Berman’s firm, which is disputing Edelson’s request for $6 million in fees, argues the reversion provision would not have added anything close to $50 million in value to the settlement and that U.S. District Judge John Zee decided to knock it out of the deal for reasons that had little to do with Edelson’s objections.

Edelson’s firm had originally sparred with the lead counsels’ tactics in the case by saying they were not providing monetary benefits for potentially injured college athletes.  Unlike the National Football League’s $1 billion class action settlement with retired players, which continues to have its own unique issues ahead of resolution, the NCAA’s accord does not provide a fund to compensate injured athletes.

Fearing the settlement would bar athletes from pursuing personal injury claims, Edelson objected to create a “carve-out” for those claims.  His firm, working with Sol Weiss of Philadelphia’s Anapol Weiss, is now leading a series of nearly 50 class action suits on behalf of athletes who played the same sport at the same school.  For instance, the widow of a former University of Texas football player is the named plaintiff in a class action on behalf of all Longhorns football players who played between 1952 to 2010.

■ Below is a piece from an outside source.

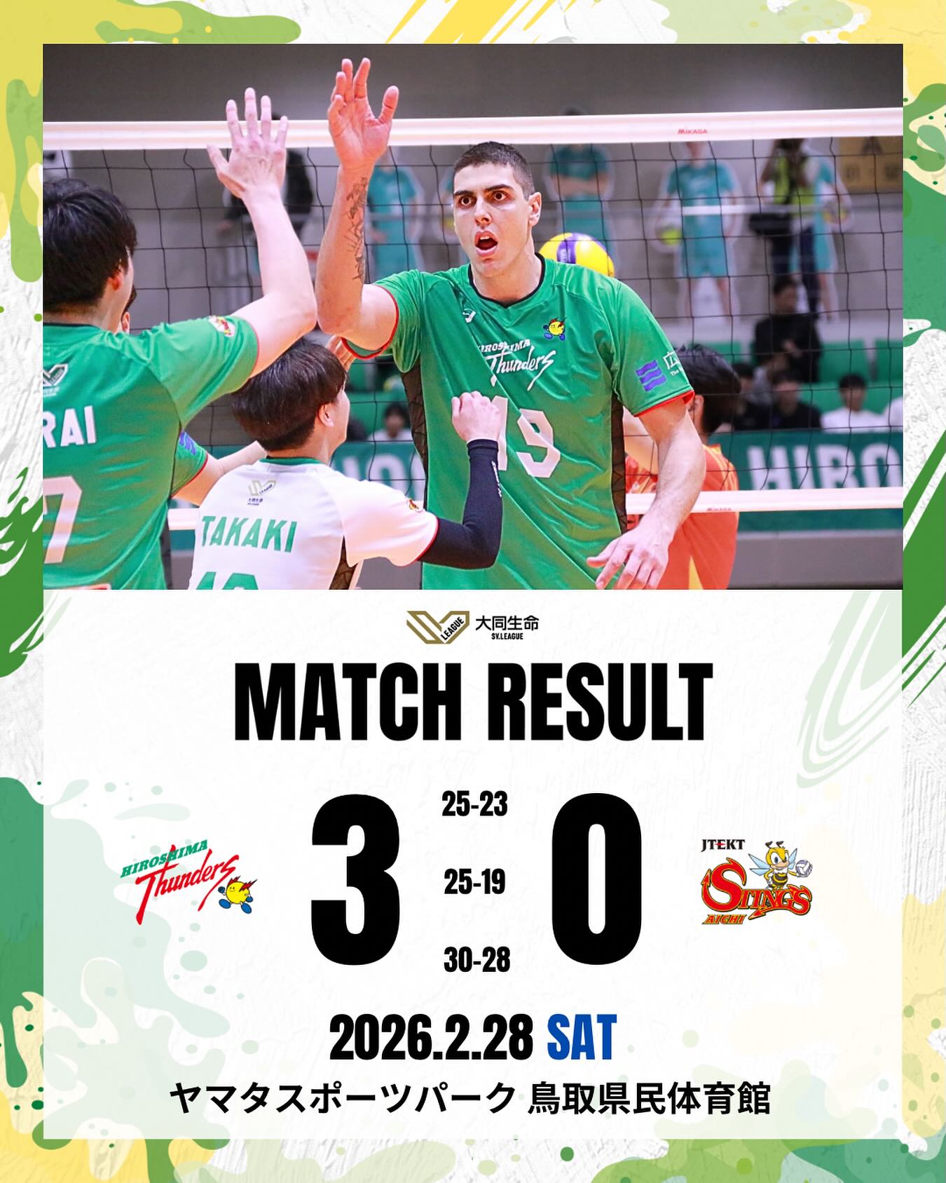 2025-26大同生命SVリーグ男子の第15節が2月28日、鳥取県民体育館で行われた。広島サンダーズが3セット連取の完勝…

In a filing last week, Berman’s firm argues that Edelson’s firm should receive fees in the NCAA settlement case that represent a “pro rata portion” of his fees tied to the issue of arguing for a personal-injury carve out in the case.  That amount would be something less than $1.4 million.

Mark Mester, global chair of the consumer class action practice at Latham & Watkins in Chicago, is representing the NCAA in the litigation. The Indianapolis-based organization paid nearly $8.2 million to Latham—and another $5.8 million to Skadden, Arps, Slate, Meagher & Flom—during 2014-15, according to the NCAA’s most recent federal tax filing.